You are getting me wrong. In simple terms,
VA = Number of instruments it can take without failing, the load.
Backup = Capacity of batteries in the the UPS

It is not about how much you charge, because UPS are charged while in use too, so we consider that they are fully charged at time of test.

Now my point is that, a UPS with 500VA may last longer than 1KVA if it has more number of batteries or higher capacity batteries in it.


----------



## nawaz123 (Mar 20, 2006)

aadipa said:
			
		

> nawaz123 said:
> 
> 
> 
> ...



Obviously 1KVA UPS will have higher capacity batteries than compare to 500VA.

Otherwise you cannot differentiate between the two.

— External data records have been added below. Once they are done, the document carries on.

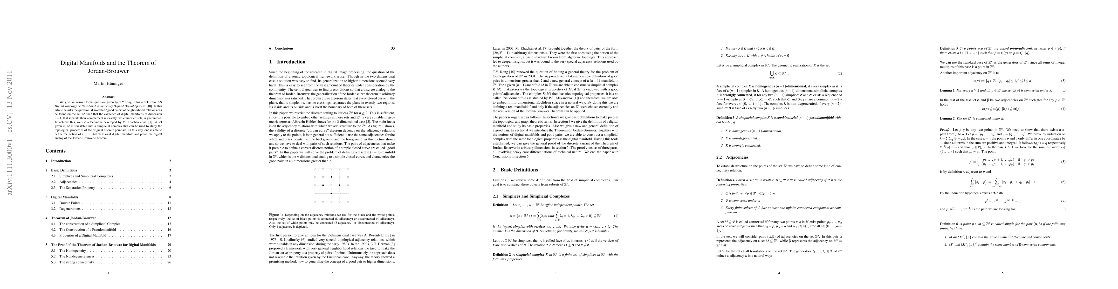 We give an answer to the question given by T.Y.Kong in his article "Can 3-D Digital Topology be Based on Axiomatically Defined Digital Spaces?" In this article he asks the question, if so called "good pairs" of neighborhood relations can be found on the set Z^n such that the existence of digital manifolds of dimension n-1, that separate their complement in exactly two connected sets, is guaranteed. To achieve this, we use a technique developed by M. Khachan et.al. A set given in Z^n is translated into a simplicial complex that can be used to study the topological properties of the original discrete point-set. In this way, one is able to define the notion of a (n-1)-dimensional digital manifold and prove the digital analog of the Jordan-Brouwer-Theorem.
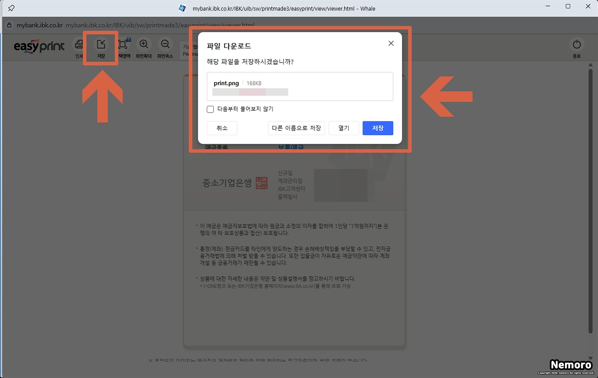 이번에는 기업은행 인터넷 뱅킹에서 제공하는 저장 방법인데요. 통장 표지 인쇄 페이지에서 [저장] 버튼을 클릭하면 PNG 파일로 저장이 가능합니다.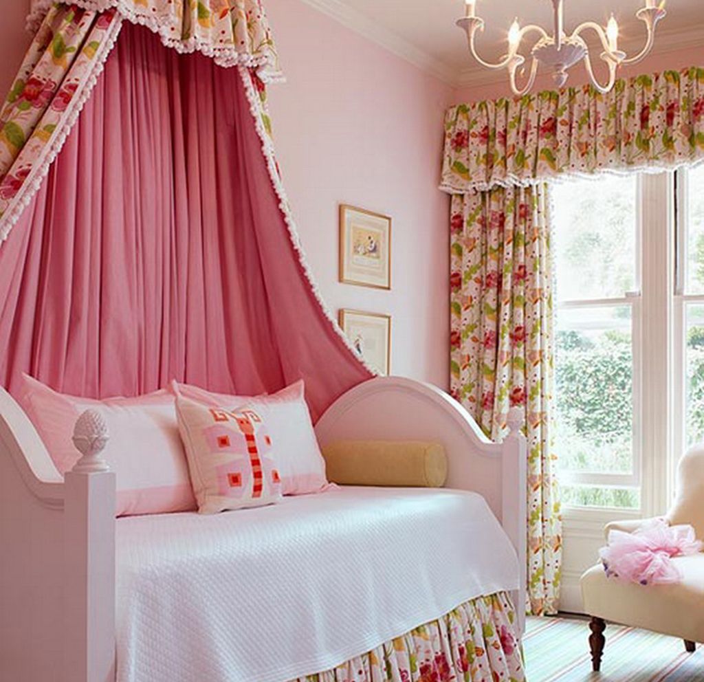 In order for the canopy to fit into the interior, the rest of the textiles in the nursery: curtains, bedspreads, covers for sofas and armchairs, it is desirable to combine with it in color and style. It is not necessary to completely copy the colors and decorations. It is enough to use tones from the same gamut, but darker and add the same accessories.For example, sheathe bedside canopy and curtains on the windows with the same fringe.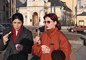Виды Санкт-Петербурга. Жанровая фотография. Девушки едят мороженое во время прогулки в центре города.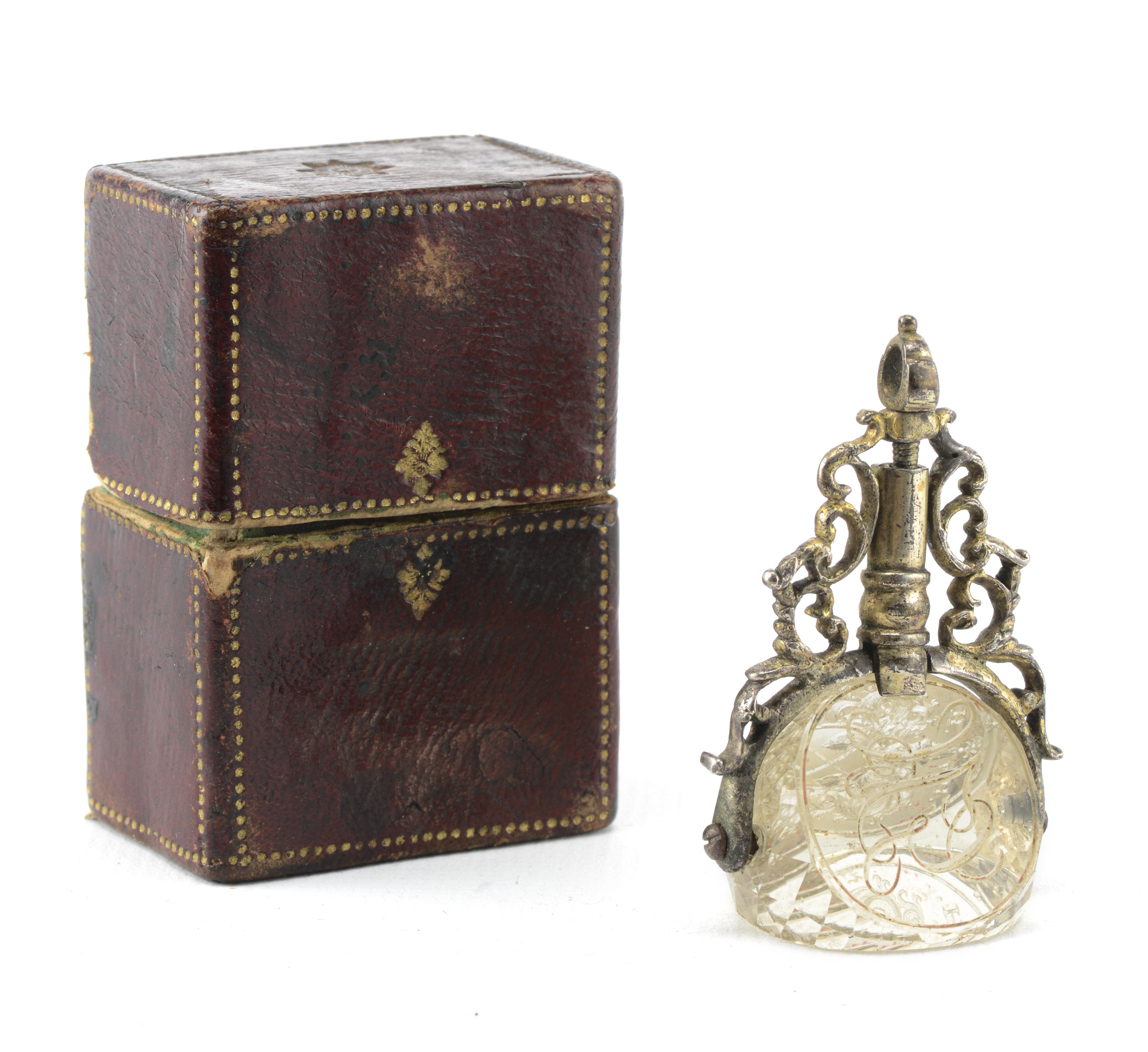 Sceau en cristal de roche et métal à trois faces dans son écrin d'origine en carton. XVIIIe-XIXe

Capacity wise and batterwise 1KVA is much greater than 500VA.


----------



## manmay (Mar 21, 2006)

hey man cant u understand a simple statement
" VA = Number of instruments it can take without failing, the load."

i.e. no of electronic items that can be connected to the ups....without ne prob.

a 500va ups maybe able to provide back up to only 1 monitor and a cpu ...
while a 1000 va or 1kva ups may be able to provide back up to 2 monitors and 2 cpus simultaneous with out ne prob. this is in relation to the totla voltage of the equipment. as the no of equipment increase the totla voltage drop would also increase.
i hope u are getting the meaning.

till now we havent discussed nething abt the Backup time.
now the back up time would depend upon the capacity of battery....in technical terms the amount of  current that the batteries are able to provide for the particular voltage drop.

if u r only going to use the ups only for 1 computer system then it is a waste to buy a 1 kva ups as i hav mentioned before also.

if you are still unable to understand the difference...then drop the subject...it dosent matter....


----------



## rollcage (Mar 22, 2006)

Which 500VA comes with 2 Batteries?


----------



## nawaz123 (Mar 23, 2006)

I think microtek


----------



## nikdesign4u (Mar 23, 2006)

microtek sucks in long term


----------



## nawaz123 (Mar 23, 2006)

nikdesign4u said:
			
		

> microtek sucks in long term



becos u r using one is it????


----------



## nawaz123 (Mar 30, 2006)

I have powersafe 1kva. working fine


----------